For the entries below, copy exactly the line that contains "- A clip on" through the line that contains "口紅 ダブルエンドリップグロス 高保湿", both ends included, and exclude all pictures.

• _Data supplied_:
◇ ◇ ◇ ◇ ◇
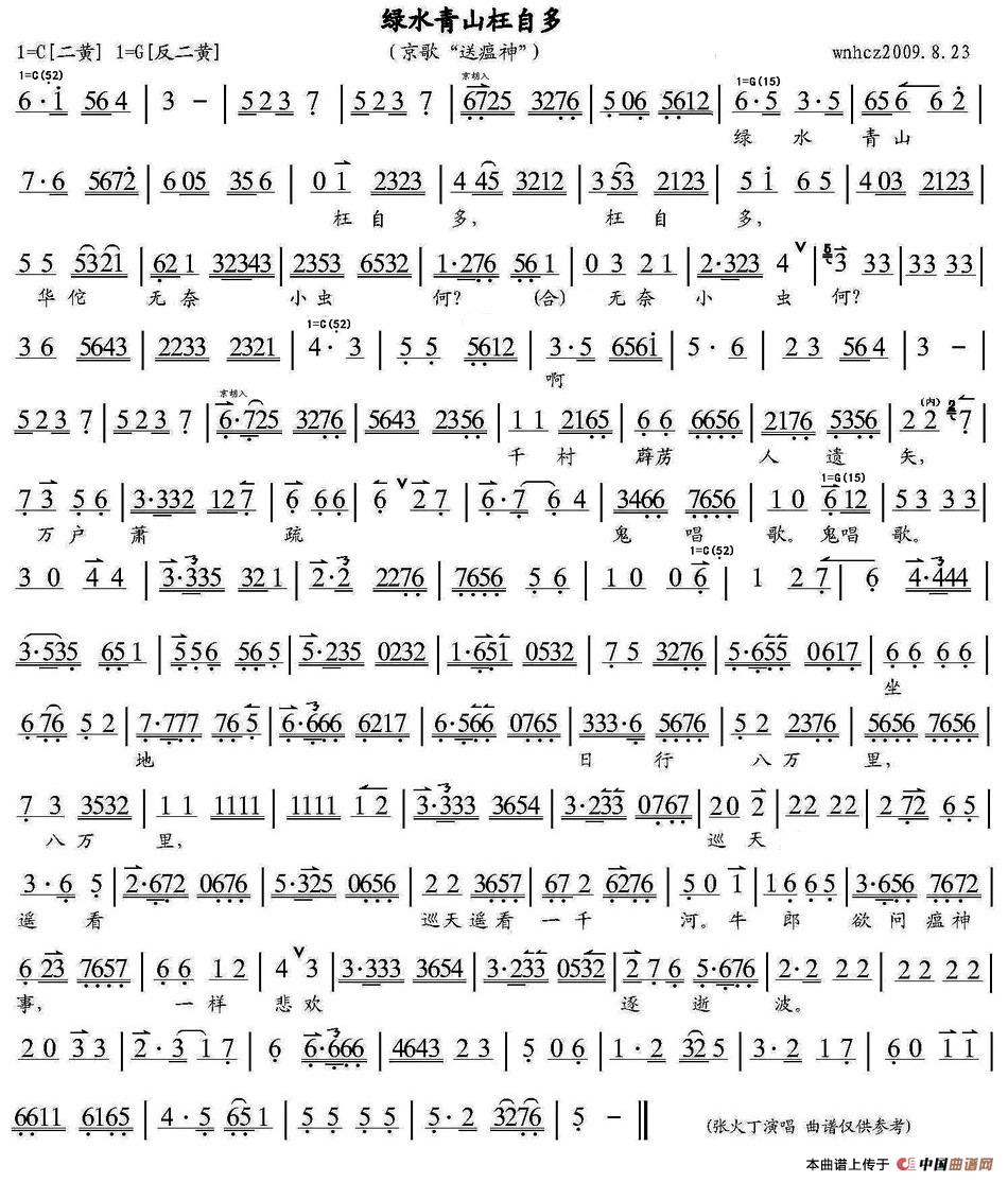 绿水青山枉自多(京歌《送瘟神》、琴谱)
◇ ◇ ◇ ◇ ◇
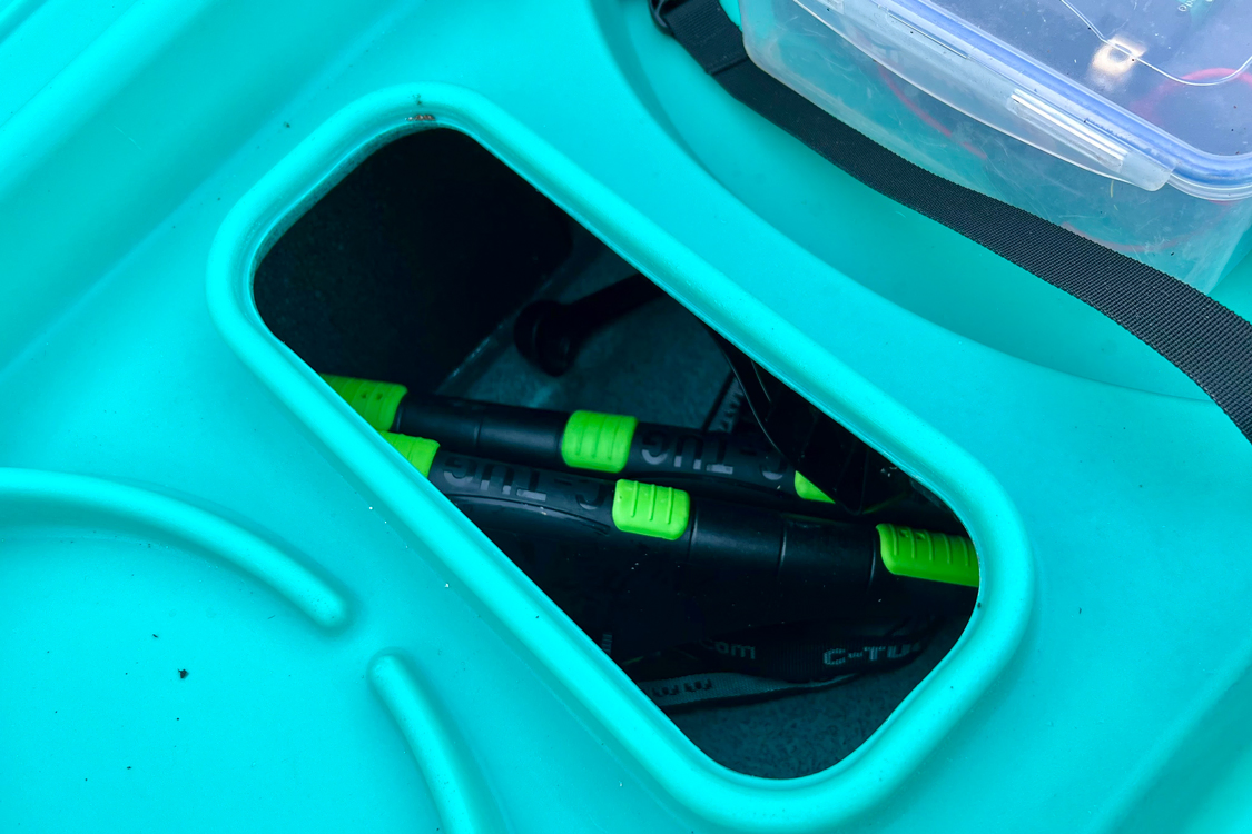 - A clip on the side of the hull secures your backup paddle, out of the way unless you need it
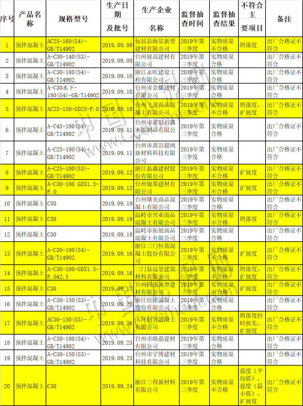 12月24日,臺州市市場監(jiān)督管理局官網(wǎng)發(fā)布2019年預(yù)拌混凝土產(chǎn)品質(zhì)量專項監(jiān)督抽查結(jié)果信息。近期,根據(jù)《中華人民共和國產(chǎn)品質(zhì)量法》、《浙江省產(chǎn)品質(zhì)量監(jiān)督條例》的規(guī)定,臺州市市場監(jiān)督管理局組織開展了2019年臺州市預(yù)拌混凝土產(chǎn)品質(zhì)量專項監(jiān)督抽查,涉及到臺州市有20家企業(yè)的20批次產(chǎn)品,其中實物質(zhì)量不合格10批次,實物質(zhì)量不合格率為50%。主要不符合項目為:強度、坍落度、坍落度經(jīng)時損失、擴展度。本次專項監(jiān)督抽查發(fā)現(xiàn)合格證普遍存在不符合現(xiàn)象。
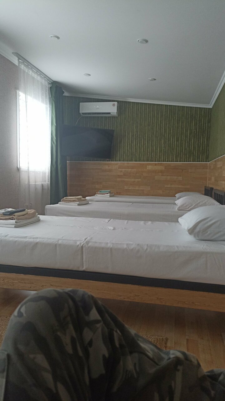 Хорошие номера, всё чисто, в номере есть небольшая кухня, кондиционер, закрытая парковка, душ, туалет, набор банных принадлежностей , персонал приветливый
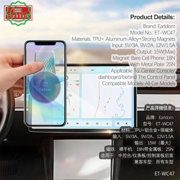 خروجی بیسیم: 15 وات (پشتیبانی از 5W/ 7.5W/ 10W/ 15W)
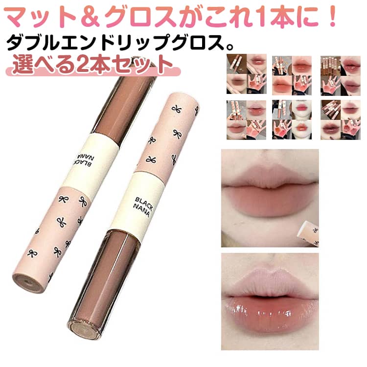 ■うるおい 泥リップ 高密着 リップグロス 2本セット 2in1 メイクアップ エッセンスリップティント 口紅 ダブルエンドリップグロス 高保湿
◇ ◇ ◇ ◇ ◇
• _Result of the task_:
 - A clip on the side of the hull secures your backup paddle, out of the way unless you need it
 12月24日,臺州市市場監(jiān)督管理局官網(wǎng)發(fā)布2019年預(yù)拌混凝土產(chǎn)品質(zhì)量專項監(jiān)督抽查結(jié)果信息。近期,根據(jù)《中華人民共和國產(chǎn)品質(zhì)量法》、《浙江省產(chǎn)品質(zhì)量監(jiān)督條例》的規(guī)定,臺州市市場監(jiān)督管理局組織開展了2019年臺州市預(yù)拌混凝土產(chǎn)品質(zhì)量專項監(jiān)督抽查,涉及到臺州市有20家企業(yè)的20批次產(chǎn)品,其中實物質(zhì)量不合格10批次,實物質(zhì)量不合格率為50%。主要不符合項目為:強度、坍落度、坍落度經(jīng)時損失、擴展度。本次專項監(jiān)督抽查發(fā)現(xiàn)合格證普遍存在不符合現(xiàn)象。
 Хорошие номера, всё чисто, в номере есть небольшая кухня, кондиционер, закрытая парковка, душ, туалет, набор банных принадлежностей , персонал приветливый
 خروجی بیسیم: 15 وات (پشتیبانی از 5W/ 7.5W/ 10W/ 15W)
 ■うるおい 泥リップ 高密着 リップグロス 2本セット 2in1 メイクアップ エッセンスリップティント 口紅 ダブルエンドリップグロス 高保湿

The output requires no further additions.